__DATASET CONTENT__:
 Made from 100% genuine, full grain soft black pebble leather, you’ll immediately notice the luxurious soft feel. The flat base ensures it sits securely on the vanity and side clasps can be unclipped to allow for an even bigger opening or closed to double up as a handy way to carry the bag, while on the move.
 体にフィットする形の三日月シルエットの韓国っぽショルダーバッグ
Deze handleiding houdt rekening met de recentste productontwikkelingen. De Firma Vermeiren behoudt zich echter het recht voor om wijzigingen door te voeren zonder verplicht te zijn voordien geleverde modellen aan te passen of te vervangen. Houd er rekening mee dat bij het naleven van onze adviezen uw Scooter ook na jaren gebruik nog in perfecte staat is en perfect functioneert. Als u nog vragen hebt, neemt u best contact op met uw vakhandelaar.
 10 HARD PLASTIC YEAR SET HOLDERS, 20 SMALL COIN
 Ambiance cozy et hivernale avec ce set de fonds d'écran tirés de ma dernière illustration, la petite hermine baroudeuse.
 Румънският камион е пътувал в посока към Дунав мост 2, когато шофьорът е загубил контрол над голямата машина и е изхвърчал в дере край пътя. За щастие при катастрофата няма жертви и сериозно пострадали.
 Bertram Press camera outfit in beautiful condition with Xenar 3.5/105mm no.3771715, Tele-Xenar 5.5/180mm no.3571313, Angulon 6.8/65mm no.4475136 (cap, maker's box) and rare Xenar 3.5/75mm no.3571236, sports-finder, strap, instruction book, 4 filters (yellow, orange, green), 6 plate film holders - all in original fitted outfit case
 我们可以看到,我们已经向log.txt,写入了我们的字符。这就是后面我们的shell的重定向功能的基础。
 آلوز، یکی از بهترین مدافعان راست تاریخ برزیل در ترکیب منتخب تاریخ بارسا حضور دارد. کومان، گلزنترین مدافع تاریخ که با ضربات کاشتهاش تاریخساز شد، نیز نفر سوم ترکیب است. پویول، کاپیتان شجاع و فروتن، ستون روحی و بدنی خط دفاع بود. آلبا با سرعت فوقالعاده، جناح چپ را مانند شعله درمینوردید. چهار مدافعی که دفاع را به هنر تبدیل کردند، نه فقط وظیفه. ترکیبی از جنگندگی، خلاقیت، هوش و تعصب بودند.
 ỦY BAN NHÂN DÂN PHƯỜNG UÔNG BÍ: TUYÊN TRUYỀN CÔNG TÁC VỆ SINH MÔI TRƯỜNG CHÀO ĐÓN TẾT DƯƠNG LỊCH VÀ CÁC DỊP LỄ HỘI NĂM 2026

__WORK INSTRUCTION__: Having read the material, transcribe all of it exactly.

__RESPONSE__:
 Made from 100% genuine, full grain soft black pebble leather, you’ll immediately notice the luxurious soft feel. The flat base ensures it sits securely on the vanity and side clasps can be unclipped to allow for an even bigger opening or closed to double up as a handy way to carry the bag, while on the move.
 体にフィットする形の三日月シルエットの韓国っぽショルダーバッグ
Deze handleiding houdt rekening met de recentste productontwikkelingen. De Firma Vermeiren behoudt zich echter het recht voor om wijzigingen door te voeren zonder verplicht te zijn voordien geleverde modellen aan te passen of te vervangen. Houd er rekening mee dat bij het naleven van onze adviezen uw Scooter ook na jaren gebruik nog in perfecte staat is en perfect functioneert. Als u nog vragen hebt, neemt u best contact op met uw vakhandelaar.
 10 HARD PLASTIC YEAR SET HOLDERS, 20 SMALL COIN
 Ambiance cozy et hivernale avec ce set de fonds d'écran tirés de ma dernière illustration, la petite hermine baroudeuse.
 Румънският камион е пътувал в посока към Дунав мост 2, когато шофьорът е загубил контрол над голямата машина и е изхвърчал в дере край пътя. За щастие при катастрофата няма жертви и сериозно пострадали.
 Bertram Press camera outfit in beautiful condition with Xenar 3.5/105mm no.3771715, Tele-Xenar 5.5/180mm no.3571313, Angulon 6.8/65mm no.4475136 (cap, maker's box) and rare Xenar 3.5/75mm no.3571236, sports-finder, strap, instruction book, 4 filters (yellow, orange, green), 6 plate film holders - all in original fitted outfit case
 我们可以看到,我们已经向log.txt,写入了我们的字符。这就是后面我们的shell的重定向功能的基础。
 آلوز، یکی از بهترین مدافعان راست تاریخ برزیل در ترکیب منتخب تاریخ بارسا حضور دارد. کومان، گلزنترین مدافع تاریخ که با ضربات کاشتهاش تاریخساز شد، نیز نفر سوم ترکیب است. پویول، کاپیتان شجاع و فروتن، ستون روحی و بدنی خط دفاع بود. آلبا با سرعت فوقالعاده، جناح چپ را مانند شعله درمینوردید. چهار مدافعی که دفاع را به هنر تبدیل کردند، نه فقط وظیفه. ترکیبی از جنگندگی، خلاقیت، هوش و تعصب بودند.
 ỦY BAN NHÂN DÂN PHƯỜNG UÔNG BÍ: TUYÊN TRUYỀN CÔNG TÁC VỆ SINH MÔI TRƯỜNG CHÀO ĐÓN TẾT DƯƠNG LỊCH VÀ CÁC DỊP LỄ HỘI NĂM 2026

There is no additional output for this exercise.